When it comes to turning digital acronyms into songs, we’ve got OMG (capably handled by Usher) and LOL (perhaps less so, by Trey Songz), but after them the slate has relatively barren recently. We’ve got to thank recent Chameleon/Island Records signee Nikki Williams, then, for taking on one of our favorite bits of web-based ephemera, FMK (for Fuck Marry Kill), and turning it into a song. We’ll even forgive her for calling the track “Kill, Fuck, Marry” for some inexplicable reason when there are so many other better ways
In honor of the FMK game, in which players debate which person in a group of three they would prefer to become intimate with, make a lifelong commitment to, or murder, we’ve rounded up the various things about “Kill, Fuck, Marry” and its accompanying video that we would prefer to F, M or K.
MARRY: Nikki’s voice, which is one part Kelly Clarkson, one part Hayley Williams. She’s got the power to belt with the heavyweights, but there’s a rock edge to her voice that sets her apart from the Idol crowd. Pink is a close analogue, but while the “Raise Your Glass” singer often wants you to feel every inch of effort in her vocals, Williams is more apt to soar with the melodies than strain under them.
FUCK: The Lana Del Rey nods, both in the song’s lush production and in the video’s overwrought Americana. But hey, LDR may be a better idol to follow than rock-diva predecessors like Jessie James, the bones of whose career still litter the Valley.

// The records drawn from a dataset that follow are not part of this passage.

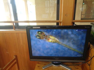 (すいすい泳いでいて あっという間に電子顕微鏡の視界から逃げていくので 一瞬の写真!)
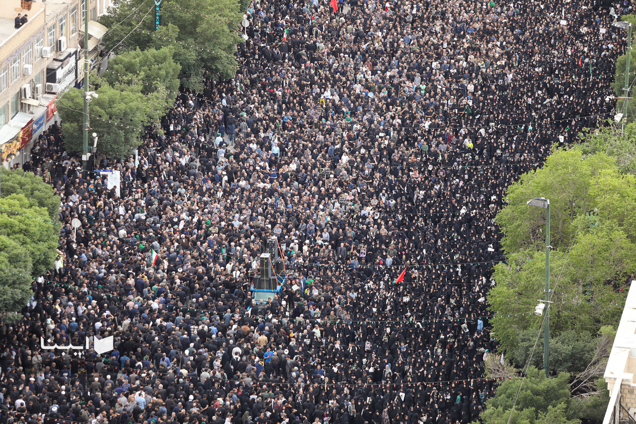 سیل جمعیت میلیونی تشییع کنندگان پیکر رییس جمهور شهید در مسیر مشایعت به خانه ابدی‌اش در حرم مطهر امام رضا (ع) به حدی است که خودرو حامل پیکر آیت الله رییسی بارها مجبور به توقف شد و مسیر را با کندی حرکت کرد.
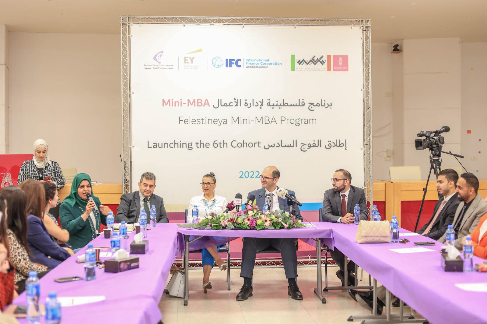 الاقتصادي- أطلق بنك فلسطين برنامج فلسطينية لإدارة الأعمال Mini-MBA في فوجه السادس، بالتعاون مع مؤسسة التمويل الدولية IFC ومنتدى سيدات الأعمال وشركة إيرنست اند يونغ، بحضور مدير عام بنك فلسطين السيد محمود الشوا، وشركاء البرنامج ومشاركة 40 سيدة من صاحبات الأعمال من مختلف محافظات الوطن وخريجات أفواج سابقة، وذلك من خلال تقنية الاتصال المرئي – فيديو كونفرنس التي جمعت الحضور في رام الله وغزة.

KILL: The track’s major songwriting conceit: “Kill, fuck, marry are the things I wanna do to you.” The hook’s a shameless play for Internet attention, which we wouldn’t mind so much if 1) it wasn’t shoehorned in so awkwardly and 2) it didn’t have absolutely nothing to do with what the FMK game is about. She couldn’t even try to make it about three people, or even one guy who seems like he’s three different people? That’s like recording a song called “BRB” and then making it about being ready, baby.
MARRY: The noir atmosphère that pervades the video. (We’d keep finances separate, though, in case any Double Indemnity shenanigans go down.) We are especially smitten with the lighting in this diner:
KILL: The filler paragraphs in articles about this song that will assume automatically the lyrics are about Williams’s turbulent relationship with husband Weston Cage. Not that they aren’t, just we have no way of knowing that yet.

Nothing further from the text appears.